MFHR1 binds C5 and regulates terminal pathway activation by inhibition of C5 cleavage and MAC formation. (A) MFHR1 binds to C5 as determined by ELISA. Equimolar amounts of MFHR1, FHR-1, hFH, or BSA were immobilized to Nunc plates and incubated with increasing concentrations of C5. Binding was detected using monoclonal C5 antibodies and HRP-labeled secondary antibodies. Data are mean±SD from n=3 experiments. ***Statistical significance versus C5 bound to hFH (one-way ANOVA with Bonferroni test; P<0.001). (B) MFHR1 blocks generation of C5a as measured in the supernatant of AP-activated sera using C5a ELISA (Quidel). Heat-inactivated (hi) HS was used as negative control. Data points are mean values from n=3 assays ±SEM using sera of three individual healthy donors. Untreated HS was set to 100% relative C5a. The C5a inhibitory activity of MFHR1 was significantly different from mini-FH (P<0.10; two-way ANOVA), whereas the activities of MFHR1 and eculizumab were similar. (C) MFHR1 inhibits C5 cleavage and lysis of sE. CVFBb convertase was generated on sE after adding factor B (FB) and factor D (FD). Hemolysis was induced after adding C5-C9 and detected at 414 nm. Preincubation of C5 with FHR-1, MFHR1, or eculizumab significantly inhibited hemolysis, whereas hFH or BSA showed no inhibition. Control reactions (ctr) were performed without the addition of C5 (no C5b to generate lytic complexes) or without FB/FD (no CVFBb convertase is formed to cleave C5 into C5a and activated C5b). C5 activation control without regulators (w/o reg) was set to 100%. ***Statistical significance versus w/o reg (P<0.001; one-way ANOVA with Bonferroni test). (D) MFHR1 inhibits formation of the MAC on sE. MAC formation on sE was induced by incubation with C5b6 and C7–C9 components and detected by hemolysis of cells. Preincubation of C5b6 with MFHR1 or FHR-1 inhibited hemolysis at significant levels compared with hFH, eculizumab, or BSA. MAC formation control without regulators (w/o reg) was set to 100%. Samples without C9 did not induce hemolysis. All data represent mean values ±SD of three independent experiments. ***Statistical significance w/o reg (one-way ANOVA with Bonferroni test; P<0.001).
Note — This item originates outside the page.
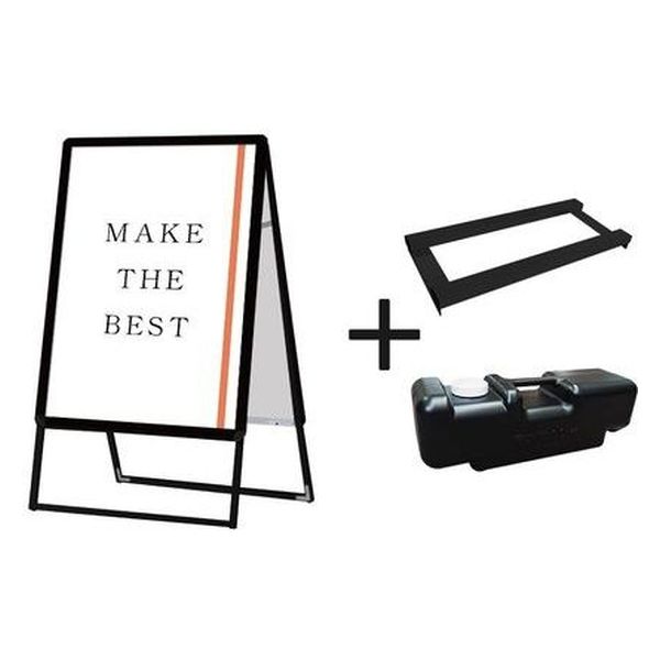 【ポスタースタンド】四辺を開閉してポスターを交換する最もメジャーなスタンド看板。転倒防止に役立つアーム+重しセット。

Multimer Formation Potentiates AP Inhibitory Activity of MFHR1
In the preparative size exclusion chromatography, the elution profile of MFHR1 from the purified protein stocks migrated as a broad peak, whereas hFH purified from human plasma was found to migrate in a single and narrow peak fraction at approximately 300 kD (Figure 5A, middle panel). Collected fractions of MFHR1 were analyzed via SDS-PAGE and silver stained (Figure 5B). The six fractions contained decreasing MFHR1 concentrations as indicated by the OD at 280 nm in the chromatogram. All fractions were pure for MFHR1, with only minor low molecular mass bands that might contain MFHR1 degradation products. As analyzed by AP ELISA, either 10 nM MFHR1 collected in fraction I or purified MFHR1 completely inhibited AP activity compared with heat-inactivated HS, whereas the inhibitory activity was severely reduced in fractions II–VI (Figure 5C). These data suggest that MFHR1 migrates predominantly in a multimeric state in the fluid phase. Preparations containing multimeric MFHR1 complexes have higher inhibitory activity than monomeric MFHR1 fractions.
Figure 5.
Multimeric complexes increase AP regulatory activity of MFHR1. (A) Size exclusion chromatography (SEC) analysis of MFHR1, hFH, and BSA. The three compositions of BSA mixture presented different retention volumes on the basis of molecular mass, which was BSA trimer (I; 198 kD, 10.4 ml), BSA dimer (II; 132 kD, 11.5 ml), and BSA monomer (III; 66 kD, 13.4 ml). Under the same condition, hFH (9.3 ml) showed that the peak of protein species migrates as dimeric proteins at approximately 300 kD. MFHR1 showed a peak (I) at retention volume of 10 ml, indicating that MFHR1 migrates predominantly in a multimeric state in the fluid phase. Theoretical trimer (II), dimer (III), dimer intermediate (IV and V), and monomeric (VI) MFHR1 are indicated in the elution profile. (B) Analysis of MFHR1 after elution from the SEC column as performed in A. Purified MFHR1 (100 ng) or 1 μl protein from SEC fractions was loaded on a 10% SDS-PAGE and silver stained. (C) Single or pooled MFHR1 SEC fractions were added to HS at 10 nM, and AP activation was induced by incubation in LPS-coated wells. Regulatory efficiency of MFHR1 fractions was analyzed by measuring C5b-9 complex formation. Heat-inactivated (hi) HS or HS added to wells not coated with LPS (−LPS) was used as control. Bars represent single data points from n=1 assay. Serum without MFHR1 was set to 100% AP activity.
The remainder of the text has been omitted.